目标是获得basket = Map("b1" -> Set("i1", "i2", "i3"), "b2" -> Set("i2", "i4"), "b3" -> Set("i3", "i5"), "b4" -> Set("i6"))
.这是我使用for循环的实现
the goal is to obtain basket = Map("b1" -> Set("i1", "i2", "i3"), "b2" -> Set("i2", "i4"), "b3" -> Set("i3", "i5"), "b4" -> Set("i6"))
. heres the implementation I have using a for loop
// create empty container
val basket = scala.collection.mutable.Map[String, Set[String]]()
// loop over all numerical indexes for baskets (b<i>)
for (i <- 1 to 4) {
basket("b" + i.toString) = Set();
}
// loop over every row in df and store the items to the set
df.collect().foreach(row =>
basket(row(0).toString) += row(1).toString
)
推荐答案
You can simply do aggregateByKey operation then collectItAsMap will directly give you the desired result. It is much more efficient than simple groupBy.
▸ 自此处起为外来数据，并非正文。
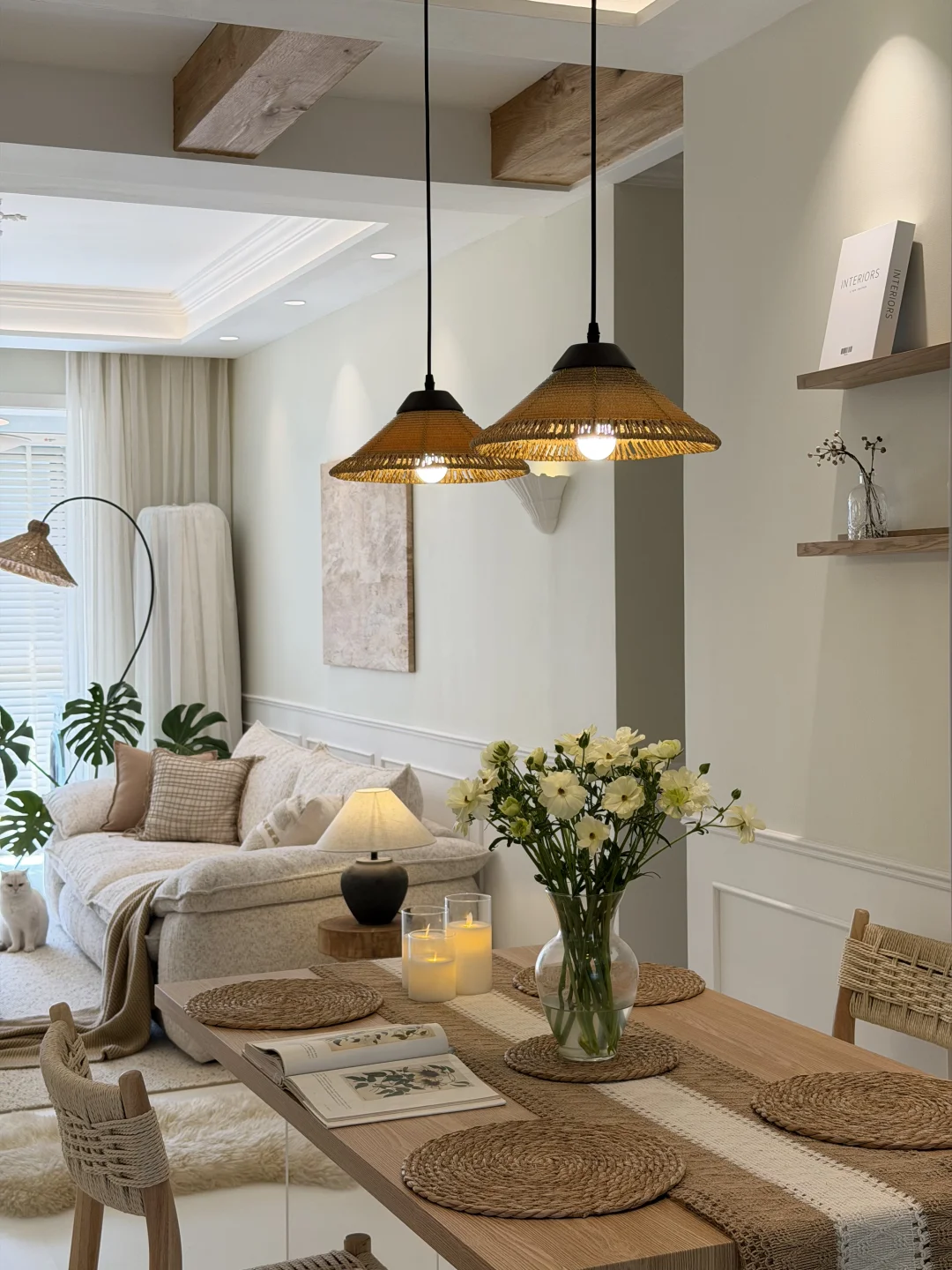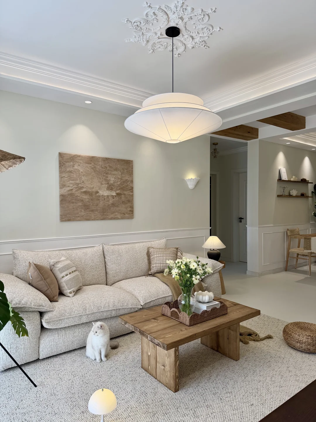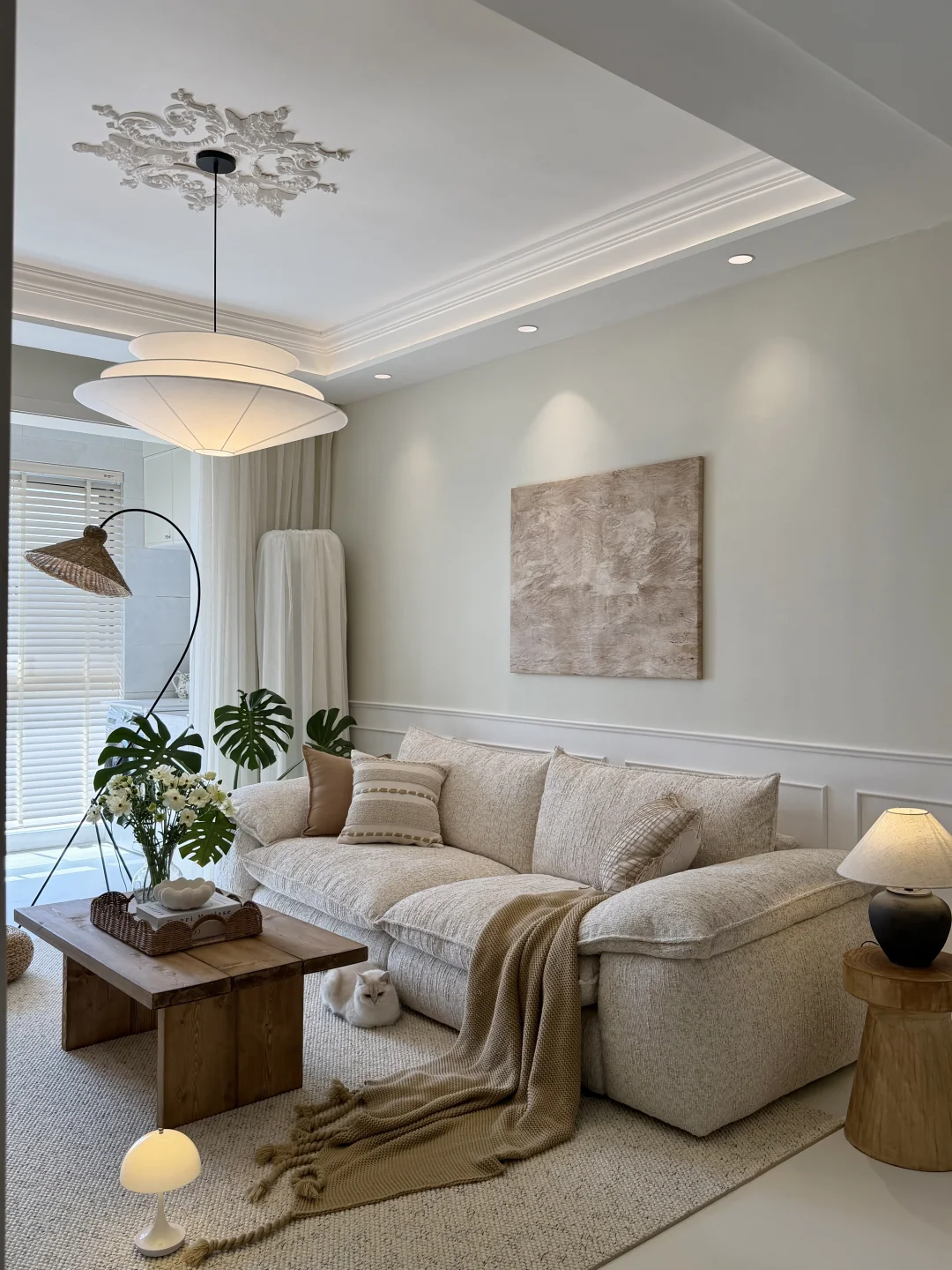 建面98,套内75平也能拿捏的法式自然风🌿 不用大户型也能拥有松弛感满满的家,温柔到想宅一辈子! 色调以奶白+米杏+原木色,低饱和暖调显大又温柔! 材质选用了实木、藤编、棉麻、肌理感织物,把自然感拉满~ 地毯搭配素色肌理款,不抢空间风头,小户型视觉更通透 再用绿植补充空间的呼吸感 让整个家看起来更有生机 用自然感呼应法式的松弛与优雅 真的是温柔又显大!!
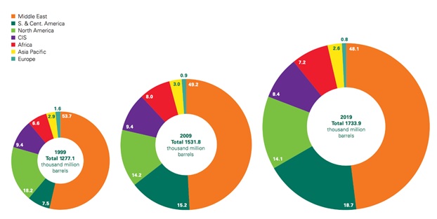 Kanıtlanmış petrol rezervlerinin küresel dağılımında Ortadoğu %48.1 ile hala en çok petrol rezervine sahip bir bölgedir.
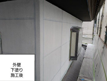 外壁下地処理の後、下塗りの様子です。
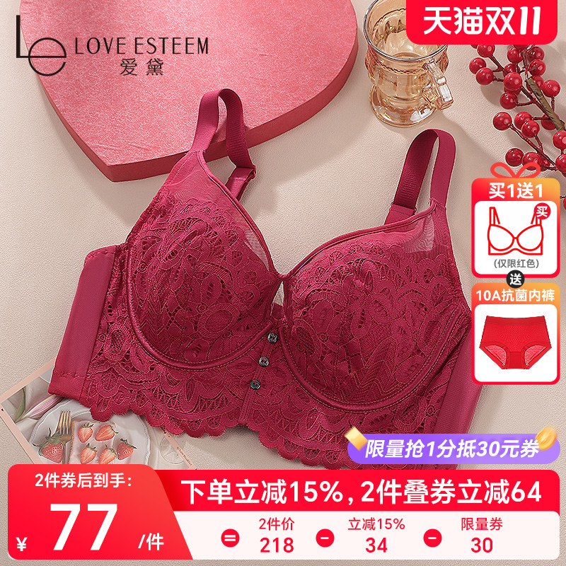 爱黛大胸薄款内衣女性感蕾丝软钢圈上托调整收副乳本命年红色文胸

import scala.collection.mutable
case class Items(basketID: String,itemID: String)
import spark.implicits._
val result = output.as[Items].rdd.map(x => (x.basketID,x.itemID))
.aggregateByKey[mutable.Buffer[String]](new mutable.ArrayBuffer[String]())
((l: mutable.Buffer[String], p: String) => l += p ,
(l1: mutable.Buffer[String], l2: mutable.Buffer[String]) => (l1 ++ l2).distinct)
.collectAsMap();
您可以通过此处. 请同时检查
you can check other aggregation api's like reduceBy and groupBy over here. please also check aggregateByKey vs groupByKey vs ReduceByKey differences.
这篇关于如何有效地将数据框对象解析为键-值对映射的文章就介绍到这了,希望我们推荐的答案对大家有所帮助,也希望大家多多支持IT屋!